ONE first aid skill that should not be forgotten appears to make the difference between life and death for people envenomed by snakes in Australia, the author of new research says.

Time to cardiopulmonary resuscitation (CPR) was the crucial difference between patients who survived cardiac arrest after snakebite and patients who died, according to Professor Geoffrey Isbister, a clinical toxicologist at the University of Newcastle.

“The first aid that is so important for snakebites is basic life support: CPR. That would have prevented the deaths [due to cardiac arrest],” Professor Isbister told MJA InSight in a podcast.

“There were cases where a child was bitten and collapsed, a parent did CPR and the child survived,” he commented. “But we also had the very sad cases, where someone was bitten by a snake and was lying there for 20 minutes while people called the ambulance but did nothing, and then the person died.”

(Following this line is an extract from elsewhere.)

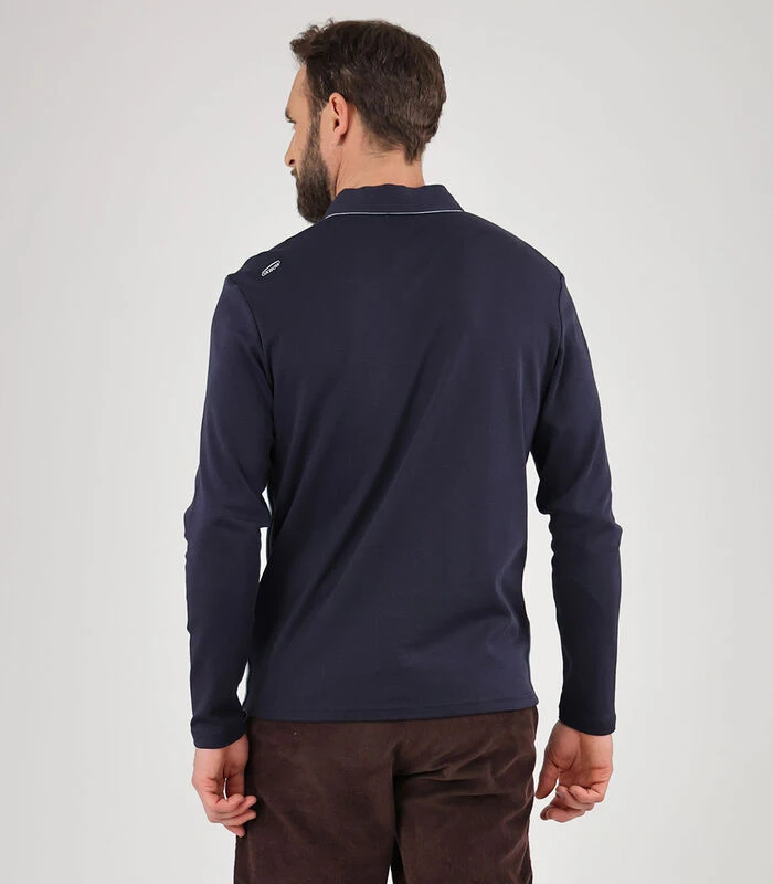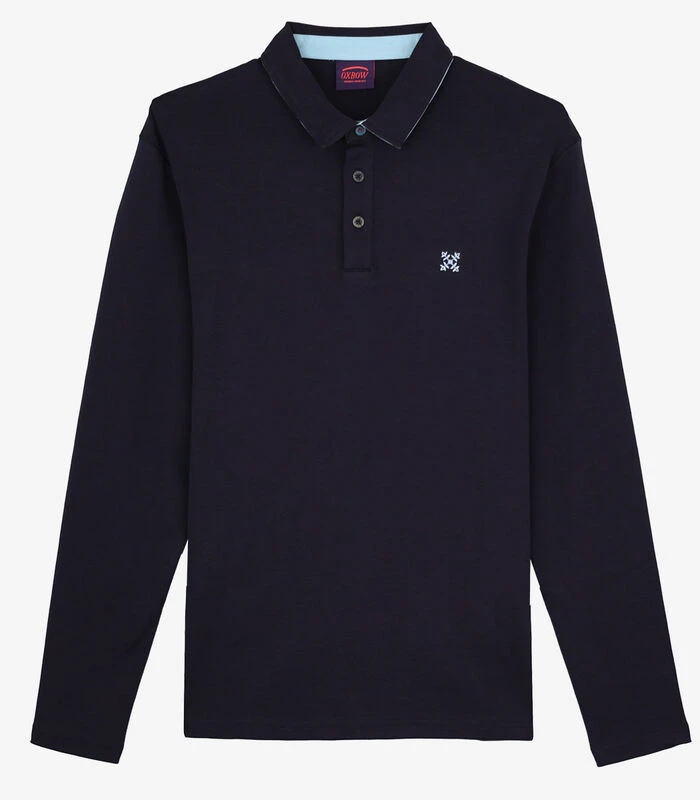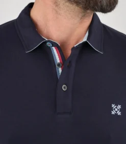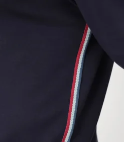 Contrasterende stroken op de zijkanten en onder de knoopsluiting.
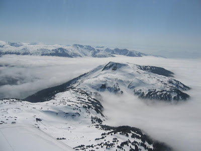 We left Juneau around 10:00 AM on a six-seater plane (that count includes the pilot). Mike and I were the only passengers. It was sunny and clear in Juneau, but a huge fog bank was hanging between some of the mountains. In the pictures, what looks like a flat white snowfield is actually clouds.

Professor Isbister is the lead author of a major study published in the MJA. The prospective study of 1548 suspected snakebites over the past decade included 835 cases of envenoming and 23 deaths.

Out-of-hospital cardiac arrest was the most common cause of death following snakebite (10 cases), followed by intracranial haemorrhages (6 cases). An interesting finding of the article was that for the 25 patients who experienced cardiac arrest, the average time to CPR was 15 minutes, whereas the average time to CPR was just 1 minute for patients who survived (12 cases).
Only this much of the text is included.